« Arracher les électeurs au FN » : Tout un arsenal socialiste de mensonges à bon compte !

Ayant appris que François Hollande avait reçu à l’Elysée huit électeurs du Parisien pour répondre à leurs questions, nous étions nombreux à être impatients de lire ce que le Président de la République avait à dire aux Français, à la faveur de cet « entretien exceptionnel » de quatre pages titrées de cette formule révélatrice « Sur le chômage, il n’y a pas de solution magique ».

Et de ce point de vue, oscillant entre aveux d’impuissance, nouvelles mesures improvisées, promesses qui n’engagent plus que ceux qui les reçoivent, déclarations aussi démagogiques qu’irresponsables, les français ne sont pas déçus par ce nouveau morceau d’anthologie !


François Hollande jure, la main sur le cœur, après avoir tout fait pour abattre les structures créatrices d’emploi, avoir « demandé d’ouvrir un chantier pour encourager les embauches dans les PME afin de leur donner plus de souplesse ». Faisant l’aveu de son incapacité à proposer des solutions aux Français, il déclare que « sur le chômage, il n’y a pas de solution magique », après avoir promis, « lui Président », d’en inverser la courbe !


Comble de l’indécence, il rejoue cette scène qui confine à la comédie : celle de la pause fiscale, jurant – après 40 milliards de prélèvements nouveaux depuis mai 2012 – qu’il « n’y aura pas d’augmentation d’impôts pour les années 2015, 2016 et 2017 » !

Mais ce que François Hollande ne comprend pas, c’est qu’avec ses rengaines indéfiniment ressassées, le disque est désormais rayé : avec les 15% d'augmentation sur le prix des timbres, celle de 2,6% pour les tarifs de la SNCF, la hausse de 4,4 centimes d'euros par litre de gasoil, l’augmentation du prix du gaz, le quotidien des Français qui s’apprêtent à payer leurs factures témoigne du mensonge de la pause fiscale.

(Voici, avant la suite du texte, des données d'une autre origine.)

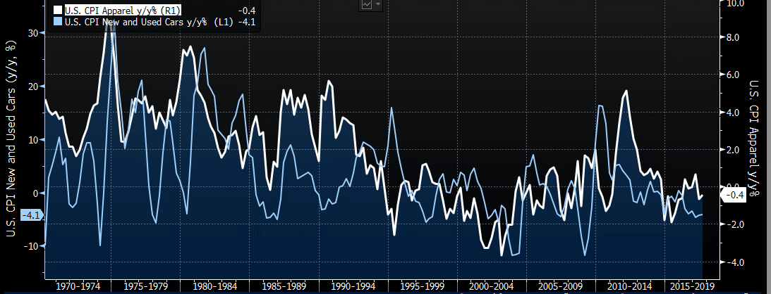 New and used auto prices have been on a decline since 2016 as the auto industry has to work off an oversupply. The glut of used cars coming to market after the increased pace of consumer leases over the last several years and the generally weaker-than-expected trends in business and consumer purchases of new autos have increased vehicle inventories and weighed on prices. There is also deflation visible in retail goods prices what appears to become a more meaningful trend. For example the Amazon’s Prime Day on July 11 caused a heavy discounting among major retailers, and that is a subcomponent of a broader disruption of the retail sector from rising e-commerce competition in the last few years.

Il est aisé pour les Français de faire l’inventaire « à la Prévert » des mensonges des socialistes, car les chiffres, eux, ne mentent pas. Depuis leur arrivée au pouvoir, 590.000 personnes supplémentaires se sont inscrites à Pôle Emploi.

De manière tristement inédite, le nombre de défaillances d'entreprises est supérieur à 60.000 par an deux années de suite.


La dette a progressé de plus de 200 milliards d’euros. Pour la première fois, les dépenses publiques représentent 57 % du PIB et les prélèvements obligatoires 45 % ! Quant aux investissements étrangers ils ont reculé de 77%.


Tel est le vrai bilan de trois années de socialisme, conduisant à l’explosion du chômage, à la perte d’influence de la France et à l’aggravation des inégalités.

Si l’on ajoute l'amateurisme gouvernemental, la division de notre pays fracturé sur les sujets sociétaux, l’impunité des délinquants, la politique laxiste de Madame Taubira menant notre pays à la catastrophe et l’inquiétante montée du terrorisme, on comprend que le discrédit de la gauche soit total aux yeux des Français.


François Hollande a alors beau jeu de déclarer vouloir « arracher les électeurs au Front National », alors qu’en accroissant le chômage et l’explosion de la pauvreté, en mettant en œuvre le désarmement pénal prévu par Christiane Taubira, et en agitant régulièrement le chiffon du droit de vote des étrangers aux élections locales, il exaspère nos concitoyens et joue les apprentis sorciers favorisant la montée du FN !


La réalité, c’est que d’expédients en impostures, François Hollande sait que sa majorité va essuyer un revers sévère aux élections départementales. Le seul moyen pour cette gauche aux abois d'échapper à un désaveu des Français est de tenter de masquer son bilan avec un écran de fumée, de discréditer moralement la droite et le centre droit, et de faire monter le FN pour réduire l'espace de la droite de gouvernement.  


Les électeurs ont d’ailleurs bien compris la mécanique quasi-pavlovienne de ce jeu de dupes, auquel le parti socialiste nous a habitués depuis les années Mitterrand : le PS fait monter le FN et, lorsqu'il se trouve opposé à un candidat du Front national au second tour d'une élection, il demande alors qu’on le soutienne pour faire barrage.

Ce faisant, le PS diffuse insidieusement un message qui renforce le Front National en le désignant comme l’unique alternative à la politique délétère qu’il mène.